The discount rate most state pension funds use is 7 percent or 8 percent.
“The state government needs to start putting more money into the pension system and make the necessary adjustments to the discount rate,” said Joe Luppino-Esposito, the editor and general counsel of State Budget Solutions. “And it needs to happen immediately. As time passes, the liability grows. It’s simple math.
“Unfortunately, too many state officials are only watching the short-term goals of government. But that does not make the future liabilities any less daunting — in fact, it makes them worse.”
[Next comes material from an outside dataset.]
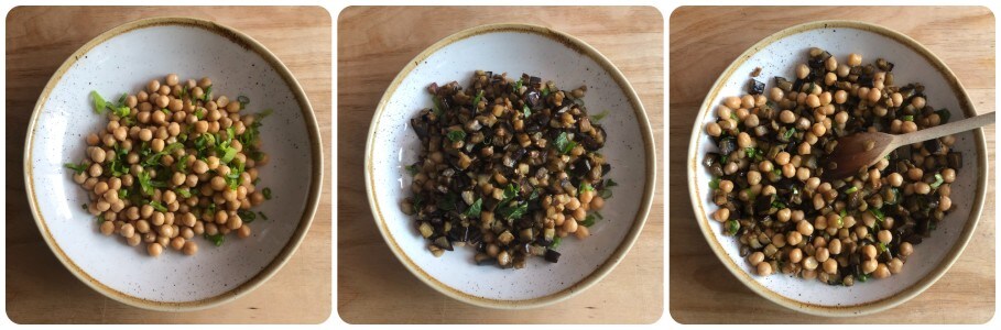 Appetizing and tantalizing, this chickpea and eggplant salad is exactly what you need when it’s hot and you don’t feel like eating elaborate dishes that require lengthy cooking. It’s very easy to prepare and also great as a take-away lunch. I loved it so much. Maybe because I adore chickpeas! Those little pointed spheres go well with everything and are nutritious and healthy.

The Government Accounting Standards Board has instituted new standards when it comes to calculating pension liabilities. If a state’s projected benefit payments are less than the resources available to make those payments, the discount rate is computed using the long-term expected rate of return of plan investments (which in the case of PERS is around 8 percent). If the ratio is reversed and the plan’s resources are less than the projected benefit payments, the discount rate is computed using a tax-exempt, 20-year, AA-rated or higher municipal bond rate, which is usually in the 3 percent range. According to the GASB, this “crossover point” — defined as when a pension’s projected benefit payments become larger than its resources available — can vary from plan to plan.
Mississippi’s PERS is 57.7 percent funded, according to the previous report. PERS issues a comprehensive financial report each year within six months of the end of the fiscal year in Mississippi, which is June 30. The previous one in 2013 shows why the fund is ailing, despite a 13.4 rate of return on its investments in 2013.
The ratio of active, working members to retirees fell to 1.79 to 1, as retirees increased from 86,829 to 90,214. This explains a $644 million deficit between benefits paid out and contributions in 2013.
With an election year looming, the chances for a fix in this legislative session are slim. But according to Luppino-Esposito, the longer the politicians wait to institute reform, the more painful it will be.
Think 17th century French literature hard.
Even in its last report, PERS officials admitted employer contributions will have to rise from the present rate of 15.75 percent to 16.29 percent for the plan to remain solvent.
“It is important for state officials to work together with public employees and recognize the coming crisis,” Luppino-Esposito said. “On paper, generous defined benefit plans cannot be beat. But an honest look at reality shows us there isn’t enough money to go around. Rather than wait for the disaster, both sides must be proactive and make the change now.”
Photo: MORTAL DANGER: Mississippi’s unfunded liability with its state pension system ranks high among the states according to a recent study.